The worst forecasting failures and what we can learn from them

One standard line about the importance of prediction and forecasting in science is that you can learn from failed predictions. Figure out why the prediction failed, and you can make better predictions in future (or else explain why better predictions are impossible).

There certainly are examples of that process working well–think of weather forecasting or hurricane track forecasting. But then consider this case, in which professional forecasters–people with money on the line–have consistently gotten their predictions of future 10-year Treasury bill yields wrong in the same direction, for twenty years. Highly trained professionals who will make a lot of money if they predict future T-bill yields just keep predicting that yields are going to spike in the near future, and they just keep being wrong. They’re liked stopped clocks that aren’t even right twice a day.

As another example, consider how everyone who has tried to forecast future costs of solar power has consistently missed high, year after year after year. “Everyone” includes individuals and groups openly advocating for solar power, opponents of solar power, and neutral government agencies.

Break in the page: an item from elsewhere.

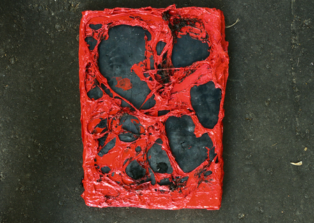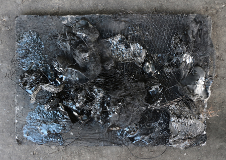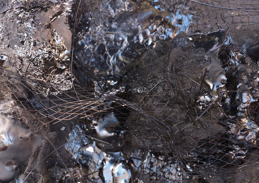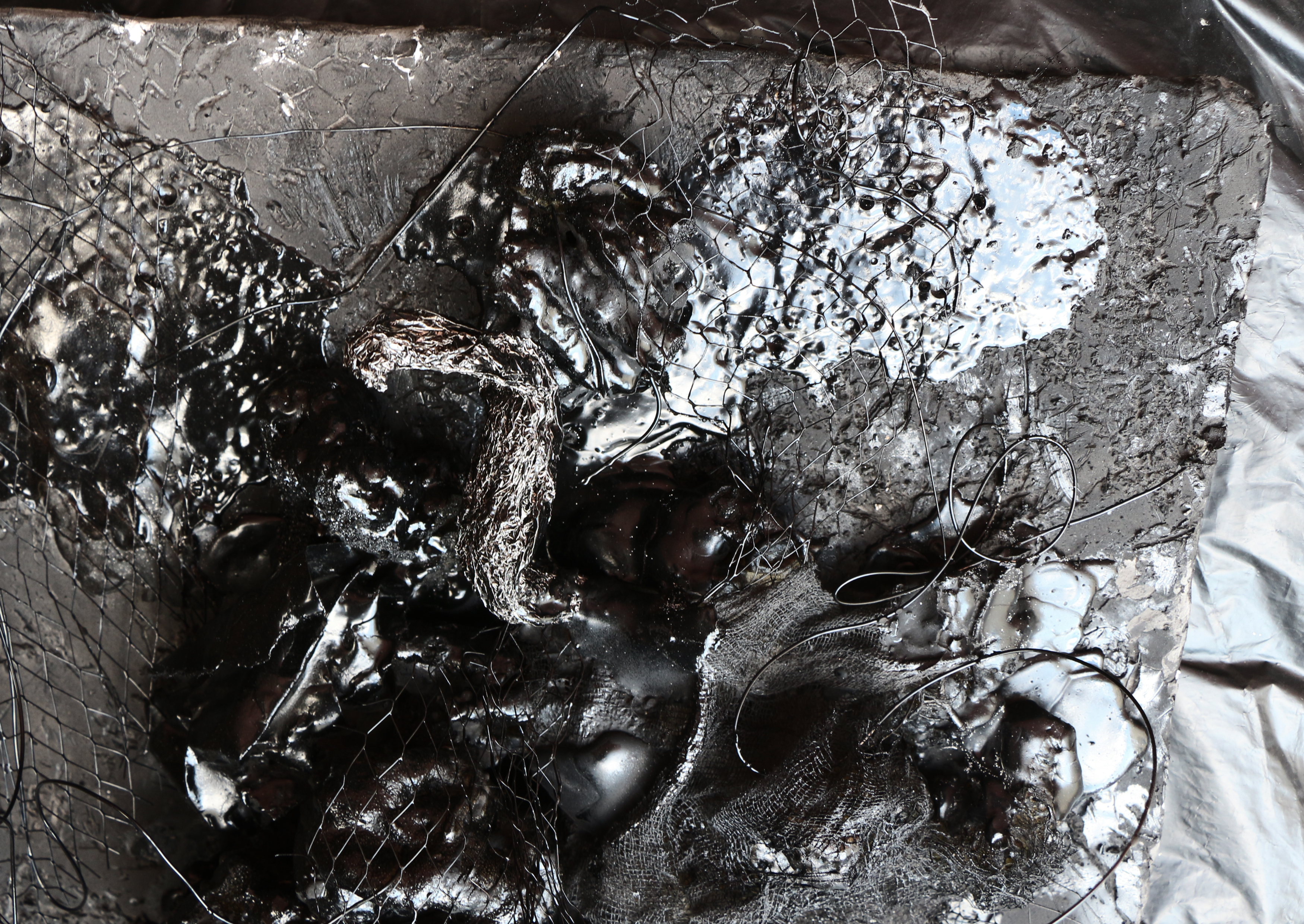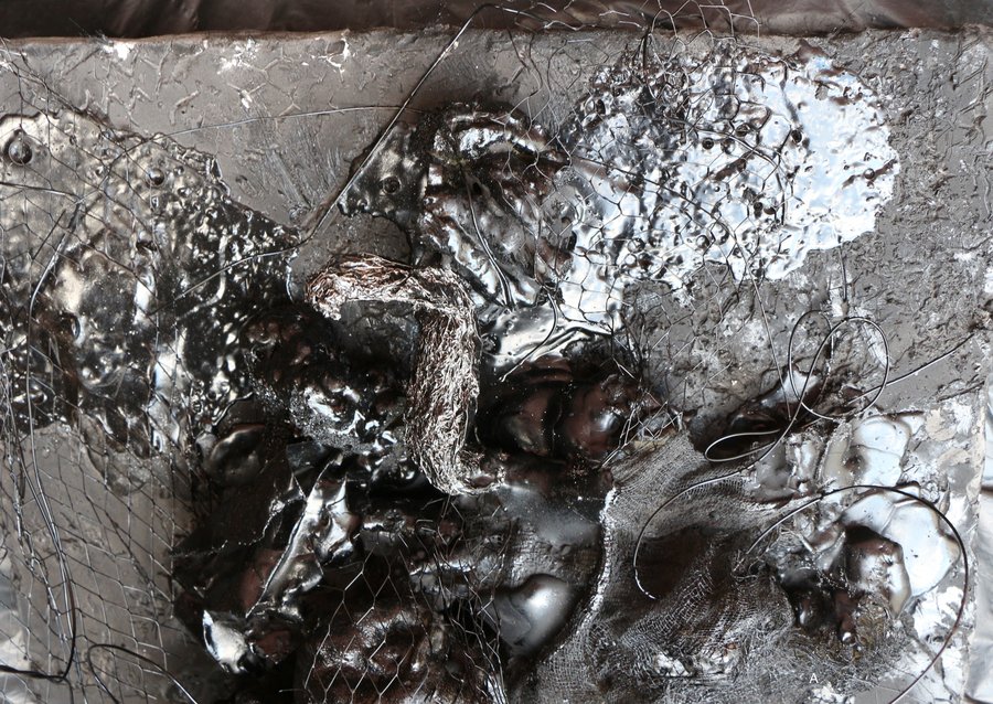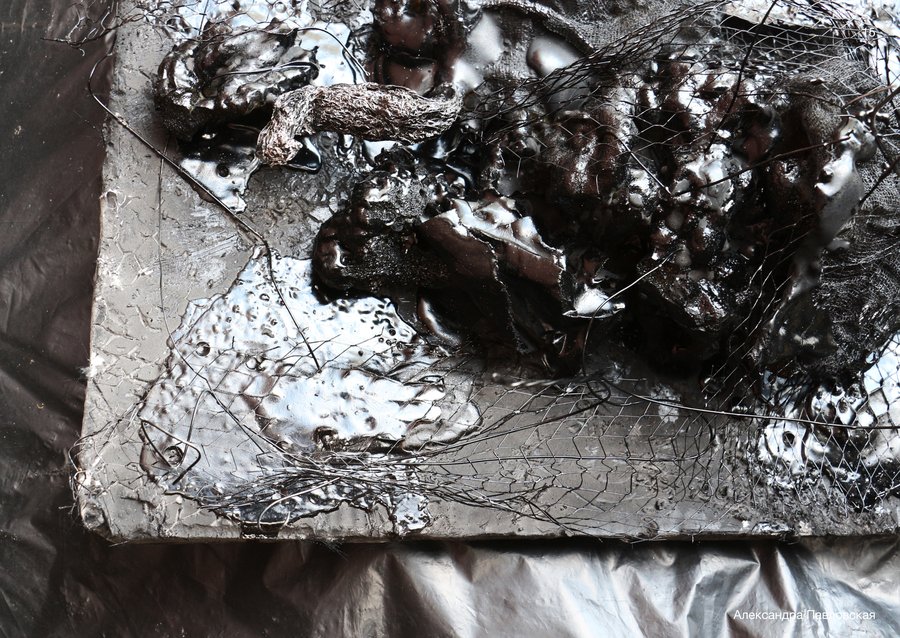 420×594 мм. Основа из гипса, глянцевая черная эмаль, покрытие из сетки, марли, фольги, проволоки, монтажной пены, кусков пластика.

Speaking as a scientist who knows a bit about forecasting, these seem to me like some of the worst forecasting failures in history. What can we learn from them? What’s going on in such cases? Apparently it’s not “political biases” or “lack of strong incentives to make correct forecasts”. Nor can it be “some time series are intrinsically hard to predict”. This isn’t earthquake forecasting. It’s not as if we’re trying to predict rare events here. And it’s not that the linked time series are too short, or chaotic, or just comprised of a random sequence of independent observations, or contaminated with massive sampling or measurement error. Heck, solar power costs are pretty well fit by a decreasing exponential function! From a permutation entropy perspective, they’re about as intrinsically predictable as a time series can possibly be! My undergrad biostats students could’ve just naively extrapolated a simple exponential function fit to the data, and beaten every professional power industry analyst! And it can’t be that “things changed”, because the whole reason these forecasts were consistently wrong in the same direction is that things didn’t change. People kept predicting they would change–T-bill yields would quit declining and spike, solar power costs would quit dropping so fast. And things kept not changing, over and over and over again. Apparently, forecasting isn’t hard only when naive trend extrapolation fails. It’s also hard when naive trend extrapolation works! Finally, it can’t be “reluctance to extrapolate short-term trends”, because (i) these are long-term trends, and (ii) people usually are happy to extrapolate from short-term trends. Indeed, forgetting about mean reversion, and so being too quick to extrapolate from short-term trends, is one of the most common forecasting errors there is! So if people are too quick to extrapolate trends in so many other contexts, how come they’re too slow to extrapolate in the very contexts where extrapolation would be a good idea (or at least, a clear improvement on whatever other forecasting method people are using)?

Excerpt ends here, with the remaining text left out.